+++ Data
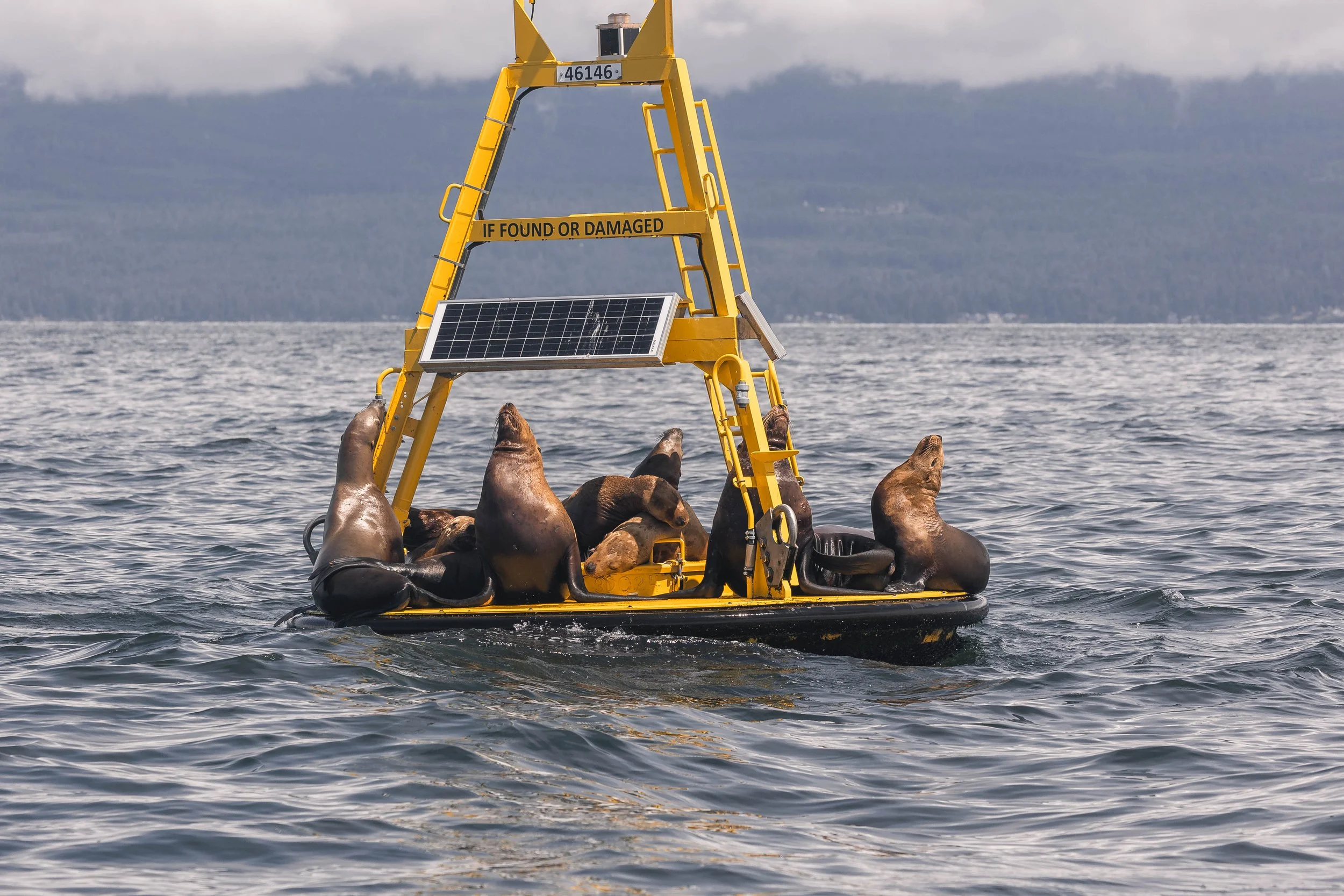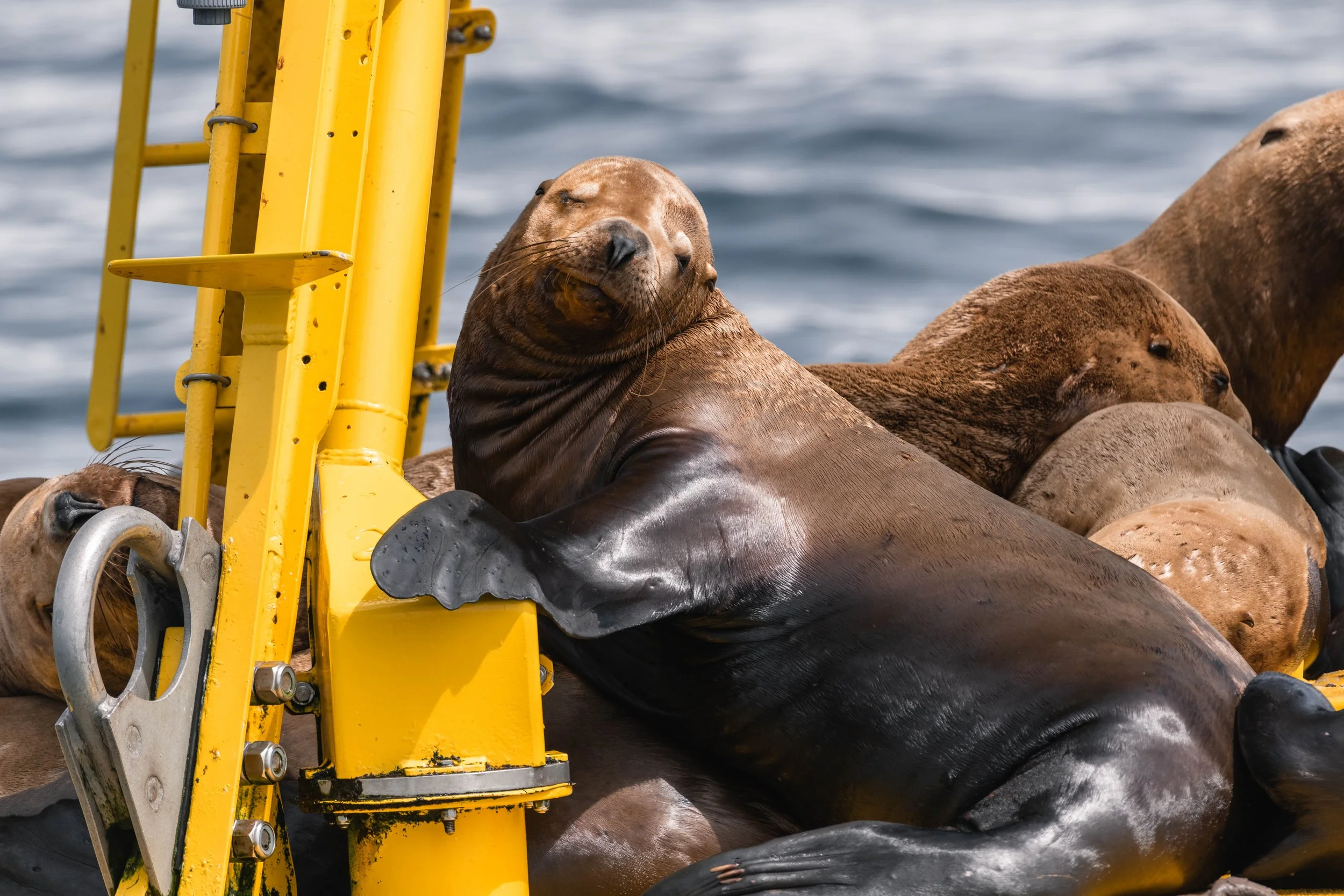 Following our encounter with Apollo, we made our way to the Halibut Bank ODAS buoy. Here, a group of young Steller Sea Lions could be seen hauled out, basking in the sun. Most mature sea lions migrate to breeding grounds during this time of year, but these younger animals typically remain behind. The buoy provides them a perfect haul-out site directly above a rich feeding area, just like the humpbacks; they are drawn here by the abundance of prey. While sea lions target fish like salmon, hake, and other small schooling species, their presence is a good indicator of overall ecosystem health. To regulate their body temperature, sea lions must spend up to half their day out of the water, and this buoy makes for a perfect resting spot between meals.
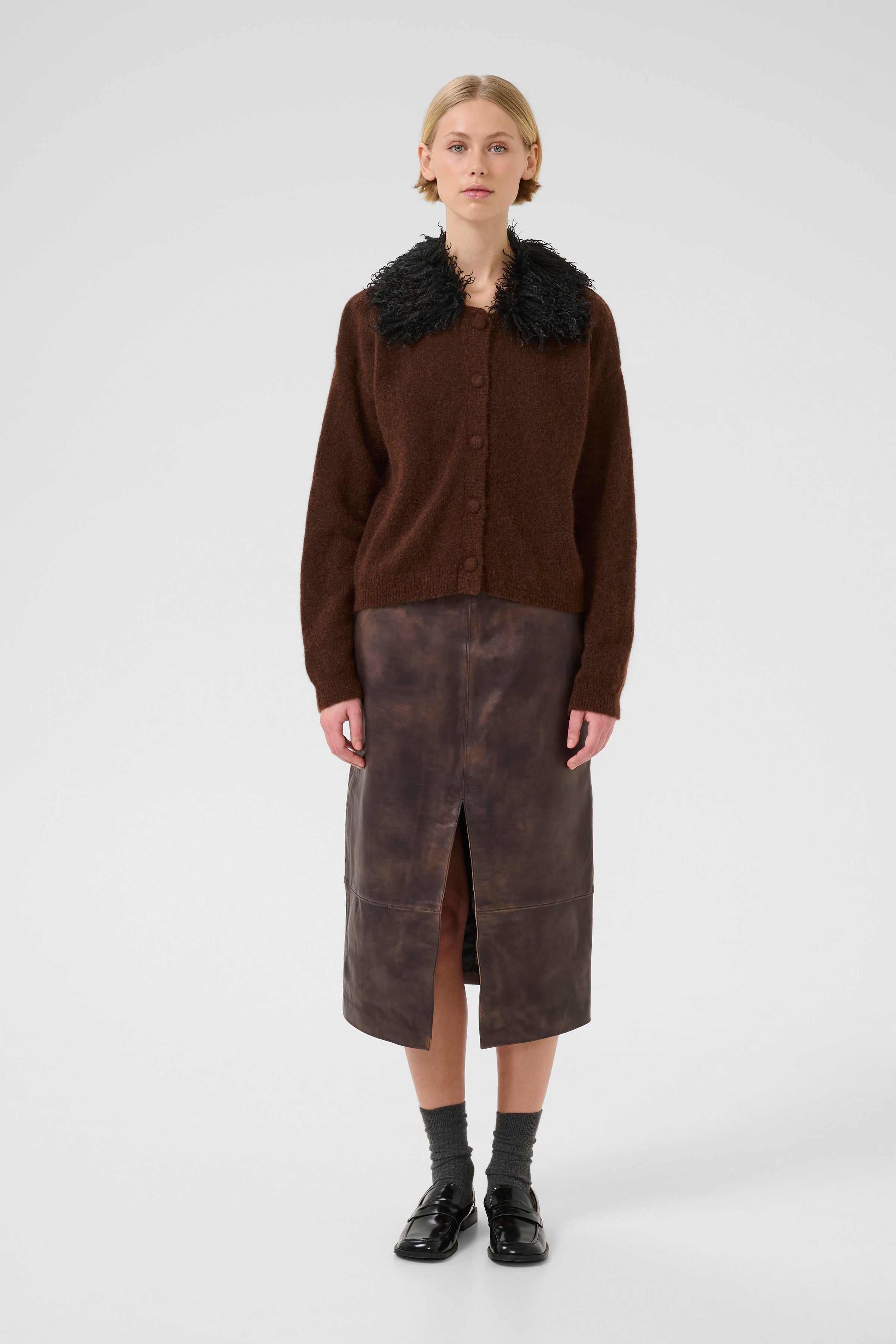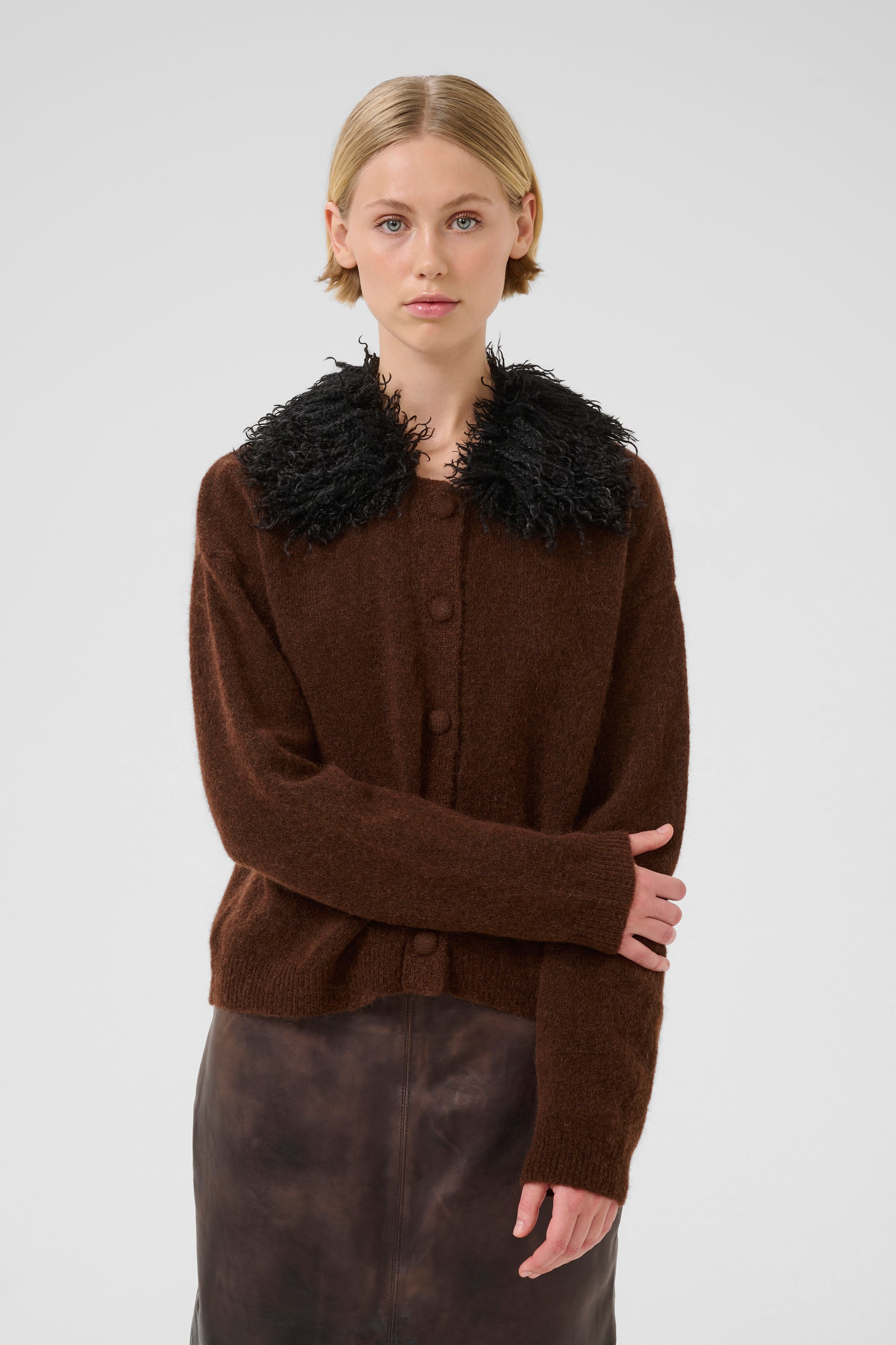 Wrap yourself in effortless elegance with this brown button-down cardigan, accented by a luxe black faux fur collar. Crafted for both comfort and style, this long-sleeve piece blends cozy sophistication with a touch of vintage glamour. The rich brown knit offers warmth and versatility, while the contrasting fur collar adds a bold, fashion-forward statement. Perfect for layering over dresses or elevating your everyday denim look.
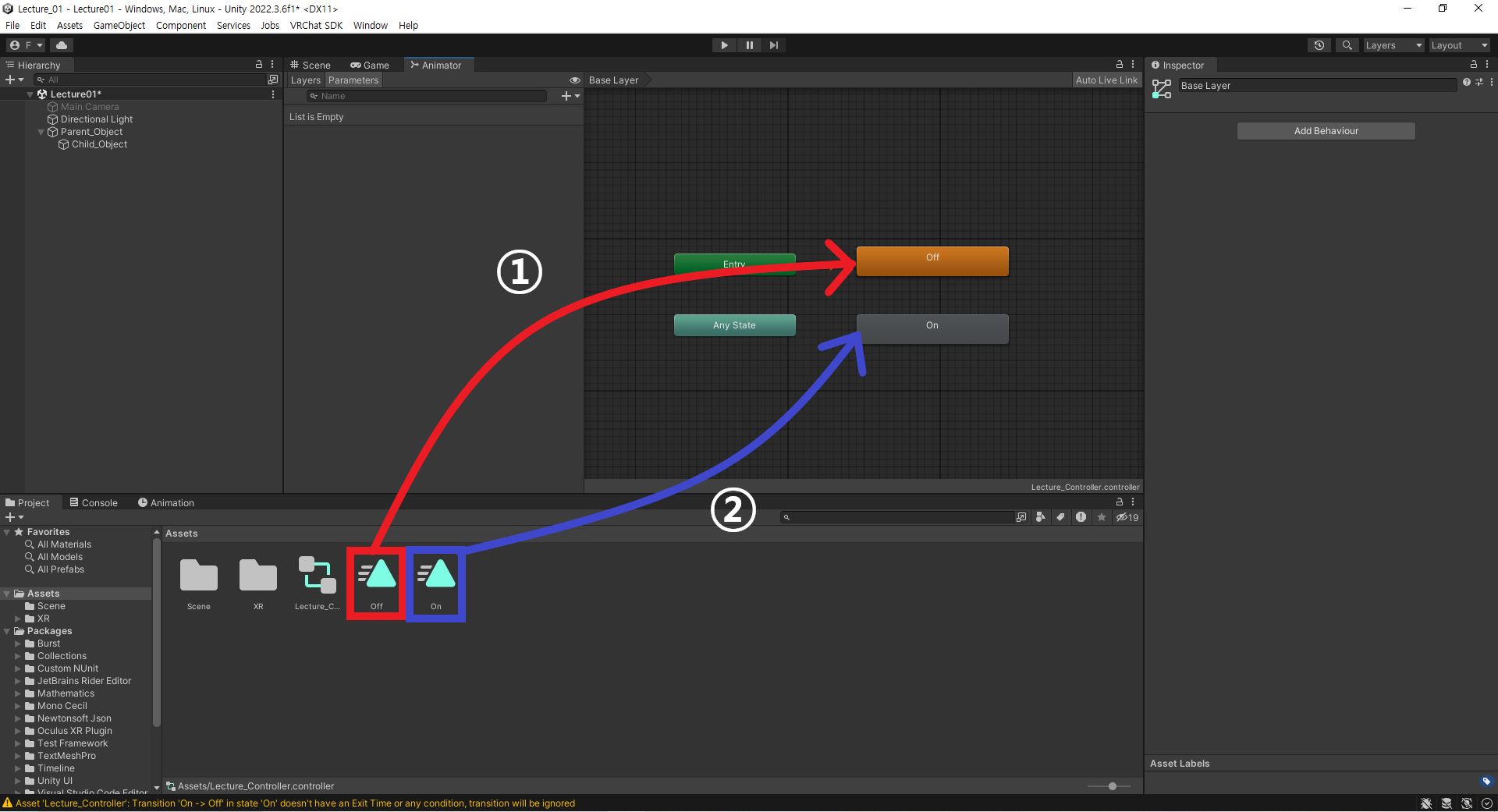 - 해당 컨트롤러 파일이 애니메이션으로 움직일 오브젝트의 Animator 컴포넌트에 적용되어 있어야 한다.
++++++
* [Work required] Take the line with "Wrap yourself in" and every line after it through the end of the data, and write only them out exactly, leaving out the pictures.

* [Output]
 Wrap yourself in effortless elegance with this brown button-down cardigan, accented by a luxe black faux fur collar. Crafted for both comfort and style, this long-sleeve piece blends cozy sophistication with a touch of vintage glamour. The rich brown knit offers warmth and versatility, while the contrasting fur collar adds a bold, fashion-forward statement. Perfect for layering over dresses or elevating your everyday denim look.
 - 해당 컨트롤러 파일이 애니메이션으로 움직일 오브젝트의 Animator 컴포넌트에 적용되어 있어야 한다.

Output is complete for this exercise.